TASK: Produce again, without any change, the lines running from the one with "Step 3: In the" through the final line of the data below, and only those.

====

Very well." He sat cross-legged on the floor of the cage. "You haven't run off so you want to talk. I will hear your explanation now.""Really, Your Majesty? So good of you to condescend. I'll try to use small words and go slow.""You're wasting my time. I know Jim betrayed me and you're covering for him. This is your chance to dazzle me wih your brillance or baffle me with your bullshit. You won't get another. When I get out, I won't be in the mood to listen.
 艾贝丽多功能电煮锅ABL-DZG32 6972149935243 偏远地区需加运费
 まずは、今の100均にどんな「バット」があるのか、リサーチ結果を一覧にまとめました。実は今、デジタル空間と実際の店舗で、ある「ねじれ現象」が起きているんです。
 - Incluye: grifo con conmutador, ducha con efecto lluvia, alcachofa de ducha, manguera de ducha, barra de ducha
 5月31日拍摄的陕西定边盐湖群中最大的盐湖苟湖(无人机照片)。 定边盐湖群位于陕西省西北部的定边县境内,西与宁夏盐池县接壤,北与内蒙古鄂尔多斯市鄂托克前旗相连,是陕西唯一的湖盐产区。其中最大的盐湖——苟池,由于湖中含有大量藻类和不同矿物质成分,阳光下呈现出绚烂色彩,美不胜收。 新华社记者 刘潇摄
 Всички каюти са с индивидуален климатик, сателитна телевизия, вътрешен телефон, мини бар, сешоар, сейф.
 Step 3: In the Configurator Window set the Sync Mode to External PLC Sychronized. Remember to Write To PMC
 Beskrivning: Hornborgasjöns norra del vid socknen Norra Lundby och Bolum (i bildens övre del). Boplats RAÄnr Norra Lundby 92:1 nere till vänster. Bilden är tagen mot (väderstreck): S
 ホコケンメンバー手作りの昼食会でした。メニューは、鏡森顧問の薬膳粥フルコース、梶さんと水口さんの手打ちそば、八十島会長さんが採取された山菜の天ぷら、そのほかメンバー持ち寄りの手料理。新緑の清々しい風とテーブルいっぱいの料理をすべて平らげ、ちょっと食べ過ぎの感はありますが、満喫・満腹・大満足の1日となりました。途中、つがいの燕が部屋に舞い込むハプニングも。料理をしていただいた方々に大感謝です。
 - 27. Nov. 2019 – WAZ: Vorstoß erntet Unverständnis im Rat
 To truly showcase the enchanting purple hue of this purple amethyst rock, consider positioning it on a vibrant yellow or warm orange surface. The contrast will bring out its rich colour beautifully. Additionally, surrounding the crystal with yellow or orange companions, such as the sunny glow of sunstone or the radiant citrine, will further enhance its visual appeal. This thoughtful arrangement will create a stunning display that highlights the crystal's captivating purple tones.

====

THE COMPLETED TASK:
 Step 3: In the Configurator Window set the Sync Mode to External PLC Sychronized. Remember to Write To PMC
 Beskrivning: Hornborgasjöns norra del vid socknen Norra Lundby och Bolum (i bildens övre del). Boplats RAÄnr Norra Lundby 92:1 nere till vänster. Bilden är tagen mot (väderstreck): S
 ホコケンメンバー手作りの昼食会でした。メニューは、鏡森顧問の薬膳粥フルコース、梶さんと水口さんの手打ちそば、八十島会長さんが採取された山菜の天ぷら、そのほかメンバー持ち寄りの手料理。新緑の清々しい風とテーブルいっぱいの料理をすべて平らげ、ちょっと食べ過ぎの感はありますが、満喫・満腹・大満足の1日となりました。途中、つがいの燕が部屋に舞い込むハプニングも。料理をしていただいた方々に大感謝です。
 - 27. Nov. 2019 – WAZ: Vorstoß erntet Unverständnis im Rat
 To truly showcase the enchanting purple hue of this purple amethyst rock, consider positioning it on a vibrant yellow or warm orange surface. The contrast will bring out its rich colour beautifully. Additionally, surrounding the crystal with yellow or orange companions, such as the sunny glow of sunstone or the radiant citrine, will further enhance its visual appeal. This thoughtful arrangement will create a stunning display that highlights the crystal's captivating purple tones.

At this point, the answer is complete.